In this sixth article in his series, Stephen MacDonald considers the need for a broader, risk-based approach, where monitoring activities are chosen and applied according to the potential for patient harm.
ISO 15189:2022 requires laboratories to have processes in place to identify, assess, and control risks that could lead to patient harm. ISO 22367:2020 expands on this, providing a framework for risk management in medical laboratories, including the need for proactive monitoring of analytical performance. Internal quality control (IQC) is central to daily risk control, but it does not detect all possible failures. In particular, IQC can be limited by the behaviour of control materials, which may not fully reflect how patient samples respond to analytical changes.
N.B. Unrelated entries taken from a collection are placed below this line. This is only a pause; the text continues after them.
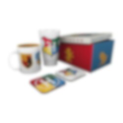 Förpackningen inkluderar en porslinsmugg, ett dricksglas och 2 st. glasunderlägg som levereras i en unik presentlåda.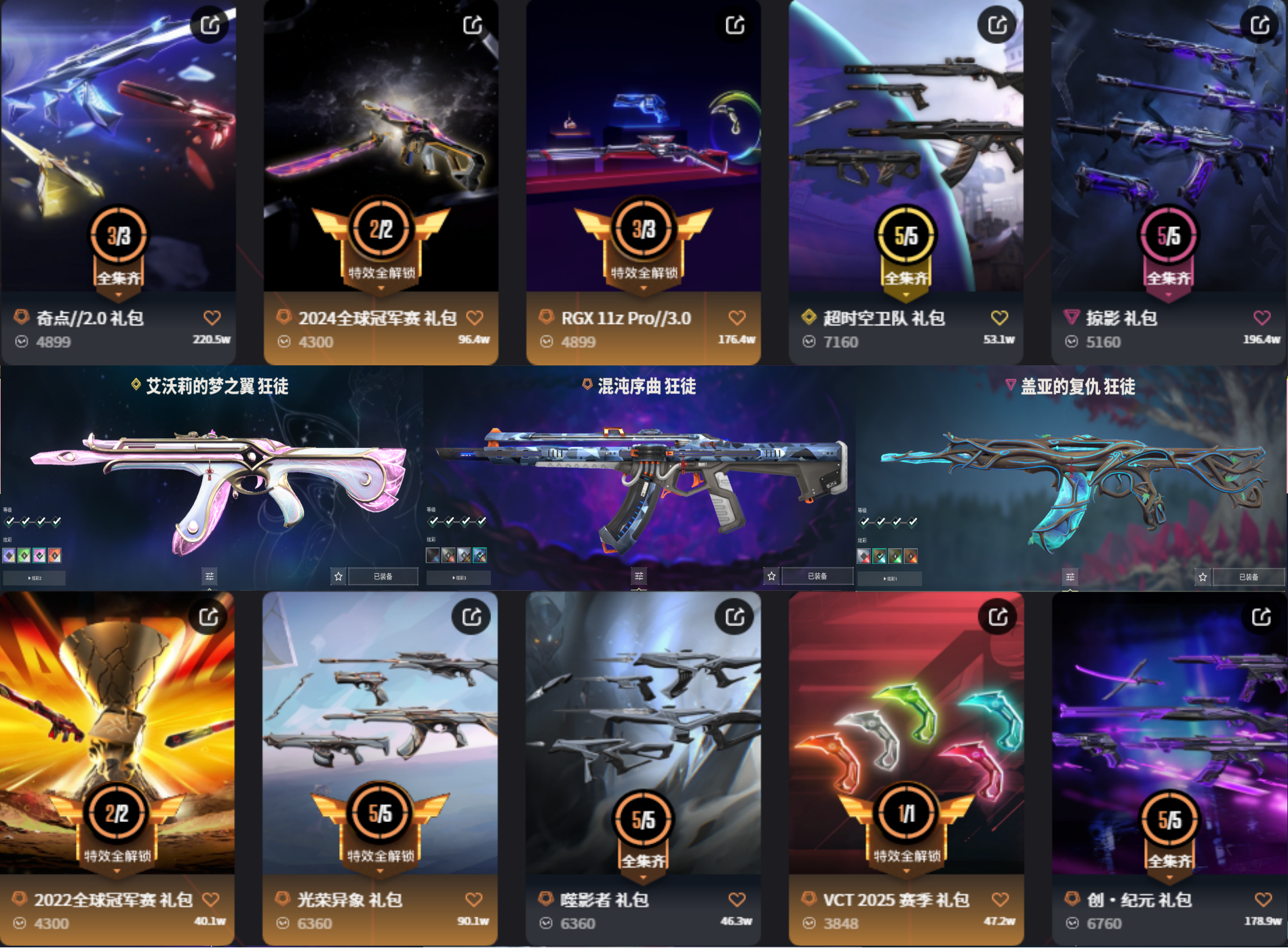 精氪11W特效炫彩拉满⚡2224冠军超时空套RGX威龙VCT蝴蝶刀⚡混沌盖亚异象猫猫紫金狂徒莲花幻影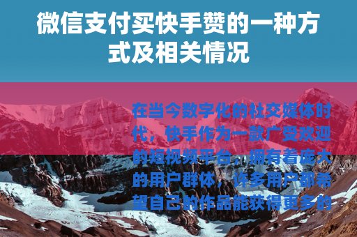 在当今数字化的社交媒体时代,快手作为一款广受欢迎的短视频平台,拥有着庞大的用户群体,许多用户都希望自己的作品能获得更多的点赞,以增加曝光度和人气,而微信支付买快手赞也成为了一种在特定圈子里被讨论的现象。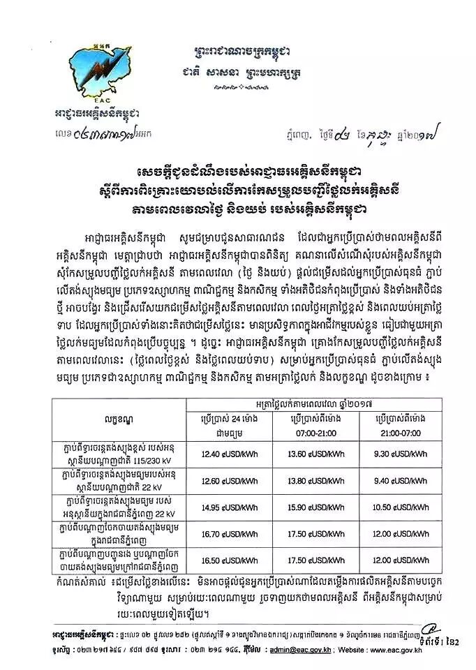 根据新收费制,金边大型用户日间(上午7时至晚上9时)电费为每度0.136美元,而夜间(晚上9时至早上7时)则为每度0.093美元,这使到平均电费下降至每度0.124美元。
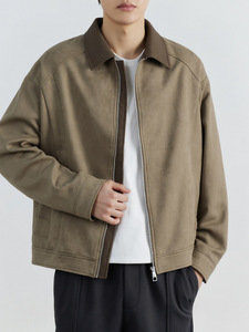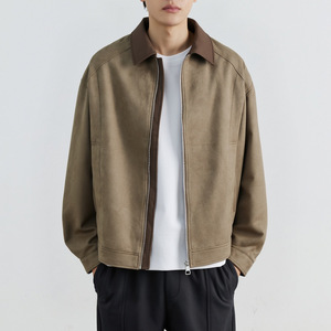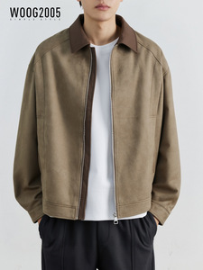 WOOG2005麂皮绒拼接男士翻领夹克2025春秋微宽松短款休闲茄克外套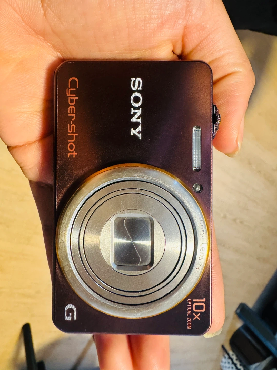 This is a Sony Cyber-shot digital camera. It has 18.2 megapixels and 10x optical zoom. The camera records in HD AVCHD.

Some analytical shifts occur without triggering IQC alarms, yet still affect patient results. Others may cause changes in QC measurements without altering patient outcomes, leading to unnecessary investigations or delays. These limitations mean that laboratories need additional monitoring strategies to identify risks that IQC alone may miss.
This article focuses on external analytical signals – tools and methods that provide an additional layer of monitoring outside routine IQC. These include lot-to-lot verification, delta checks, monitoring the frequency of critical results, and tracking shifts in patient result distributions relative to reference ranges. Each of these signals can reveal different types of risk, and each must be interpreted in the context of the clinical role of the test, the patient population, and the potential consequences of error.